§ **RECORDS FOR THIS TASK**
··········

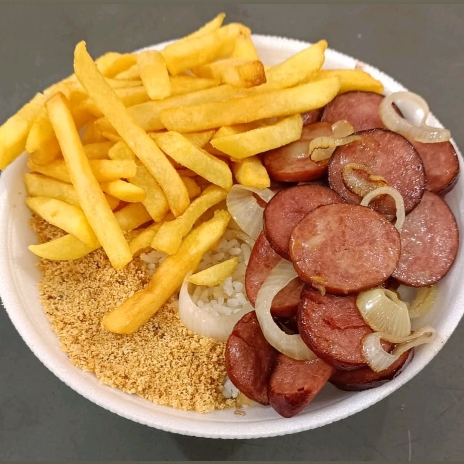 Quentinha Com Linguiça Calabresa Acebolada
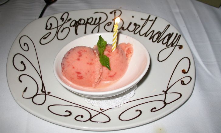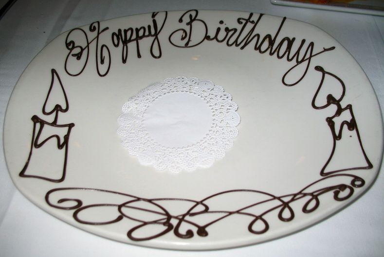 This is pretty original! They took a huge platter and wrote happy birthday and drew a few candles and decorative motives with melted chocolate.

··········

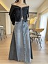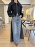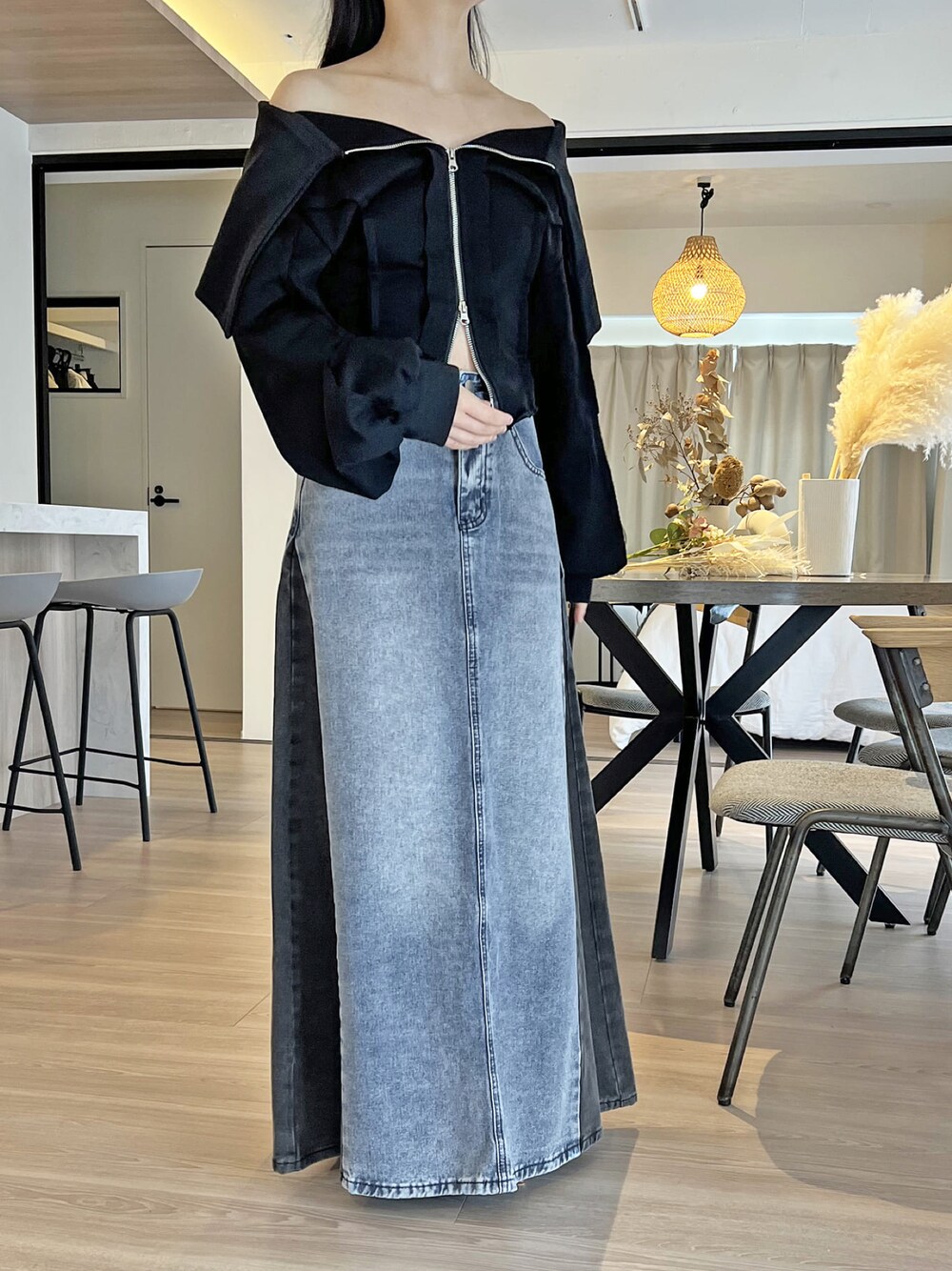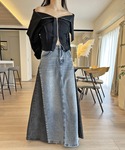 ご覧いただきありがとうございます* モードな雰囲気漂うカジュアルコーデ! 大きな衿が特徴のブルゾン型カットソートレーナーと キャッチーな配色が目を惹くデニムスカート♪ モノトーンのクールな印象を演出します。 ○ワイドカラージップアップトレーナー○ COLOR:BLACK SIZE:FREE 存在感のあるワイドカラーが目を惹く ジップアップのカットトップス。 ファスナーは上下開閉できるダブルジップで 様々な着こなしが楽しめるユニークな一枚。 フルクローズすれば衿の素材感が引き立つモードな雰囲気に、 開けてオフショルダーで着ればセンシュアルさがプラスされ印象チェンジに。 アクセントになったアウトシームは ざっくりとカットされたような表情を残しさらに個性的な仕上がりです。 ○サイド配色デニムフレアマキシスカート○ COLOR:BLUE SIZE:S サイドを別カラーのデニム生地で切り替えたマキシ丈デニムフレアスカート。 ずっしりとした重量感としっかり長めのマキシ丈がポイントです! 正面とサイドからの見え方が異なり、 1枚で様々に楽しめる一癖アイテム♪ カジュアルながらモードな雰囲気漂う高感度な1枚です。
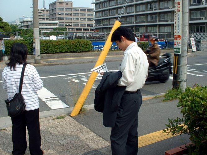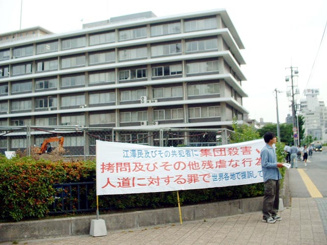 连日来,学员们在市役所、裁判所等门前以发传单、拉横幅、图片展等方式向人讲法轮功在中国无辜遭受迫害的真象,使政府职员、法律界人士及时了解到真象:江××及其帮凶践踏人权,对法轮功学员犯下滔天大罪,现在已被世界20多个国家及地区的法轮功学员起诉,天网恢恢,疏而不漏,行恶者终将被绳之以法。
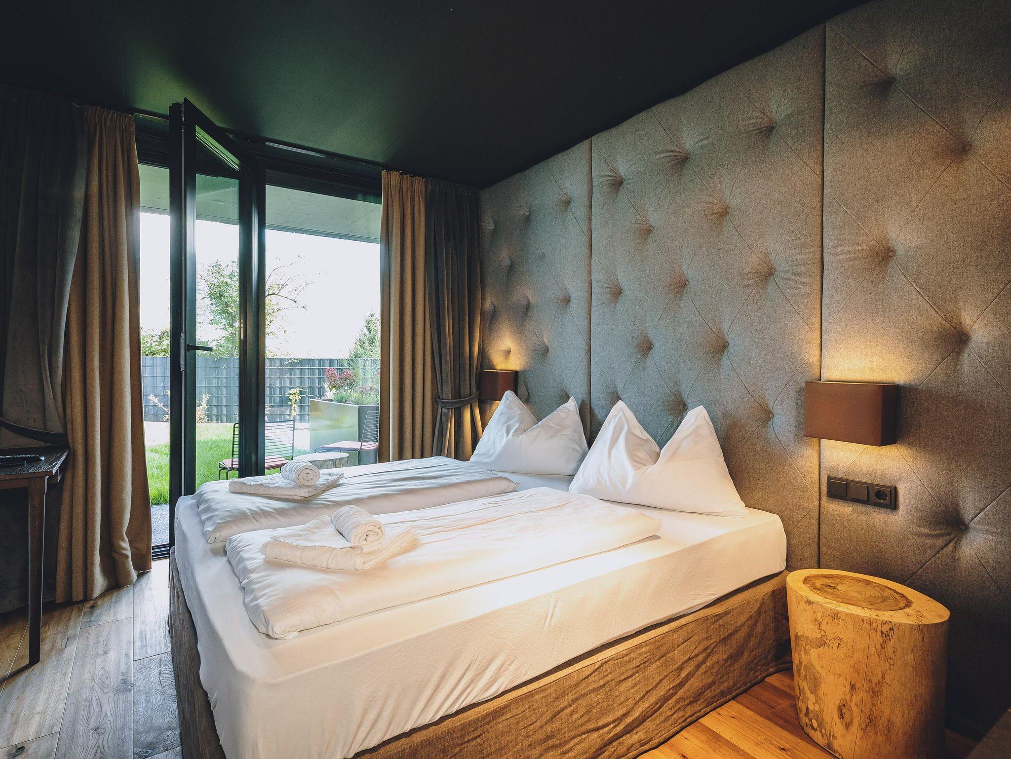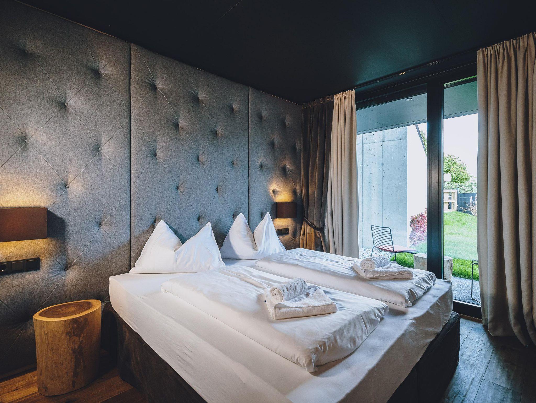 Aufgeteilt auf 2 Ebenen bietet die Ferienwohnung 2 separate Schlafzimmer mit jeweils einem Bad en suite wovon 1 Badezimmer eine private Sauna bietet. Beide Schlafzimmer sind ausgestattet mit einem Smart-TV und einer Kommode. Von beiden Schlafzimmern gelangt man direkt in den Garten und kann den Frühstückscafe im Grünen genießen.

··········

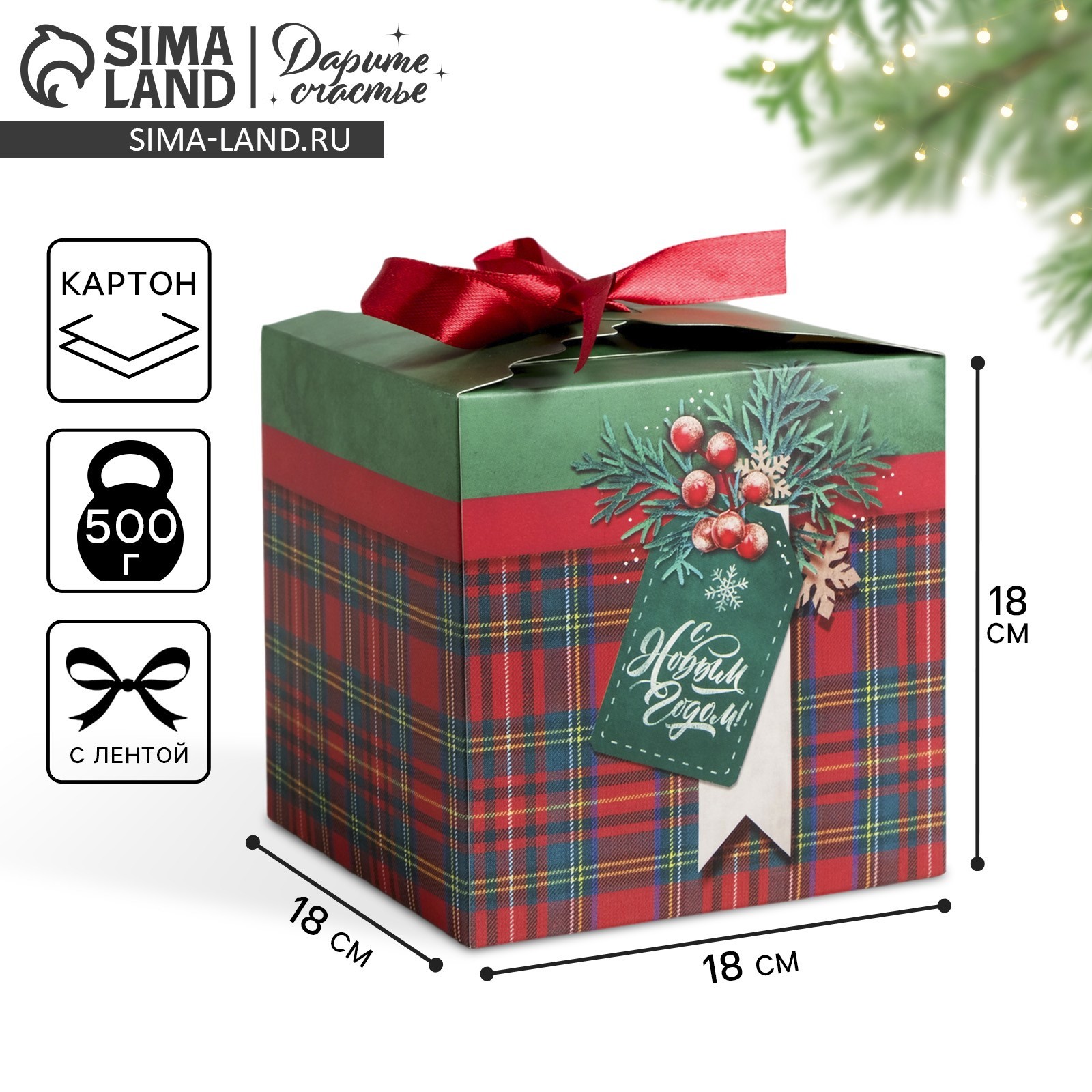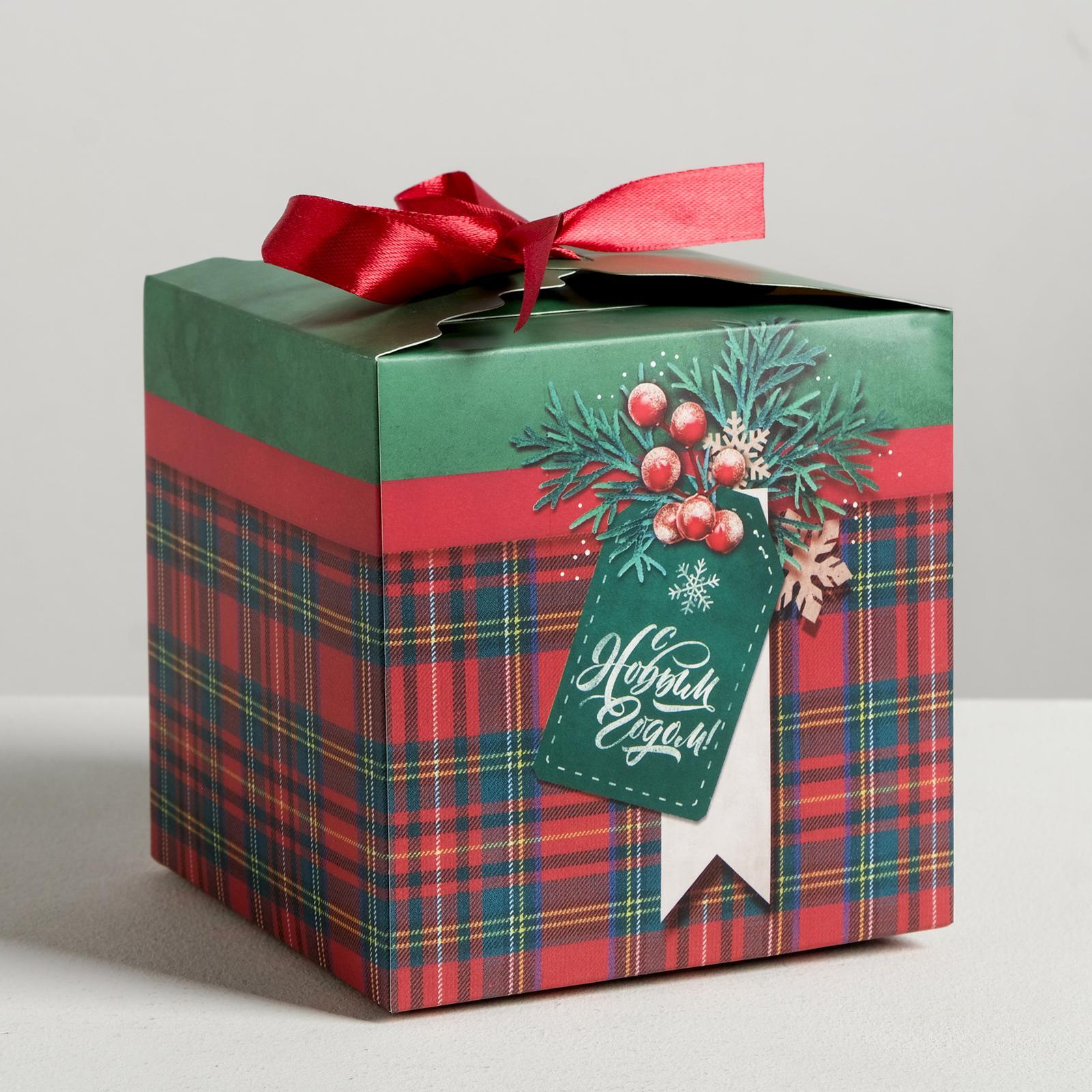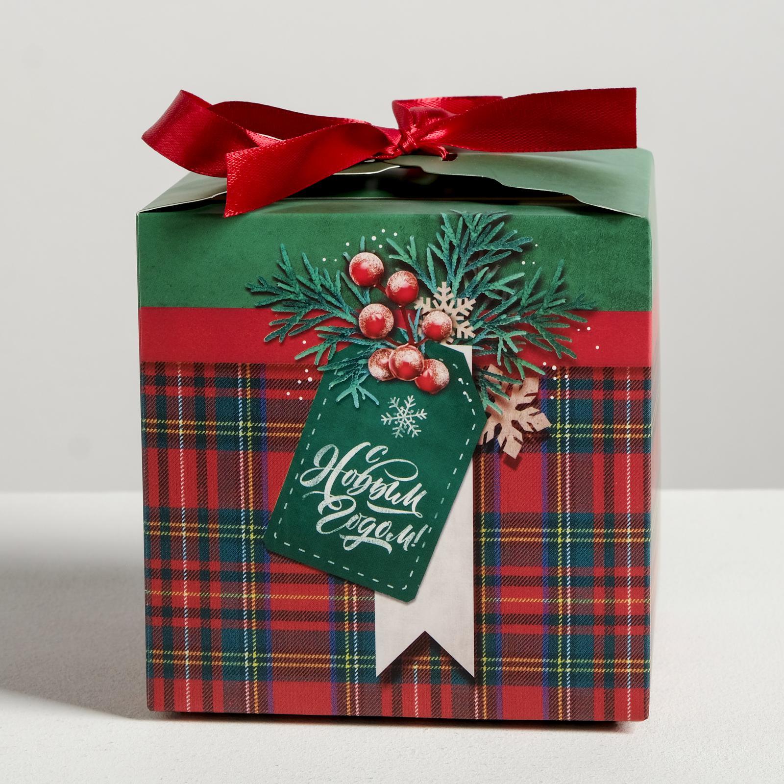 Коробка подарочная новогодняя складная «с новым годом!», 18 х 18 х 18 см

··········

§ **PROBLEM TO SOLVE**
From the records above, quote word for word only the lines beginning at the line that has "Quentinha Com Linguiça Calabresa Acebolada" and stopping after the line that has "This is pretty". Omit the pictures.

§ **ANSWER SPACE**
 Quentinha Com Linguiça Calabresa Acebolada
 This is pretty original! They took a huge platter and wrote happy birthday and drew a few candles and decorative motives with melted chocolate.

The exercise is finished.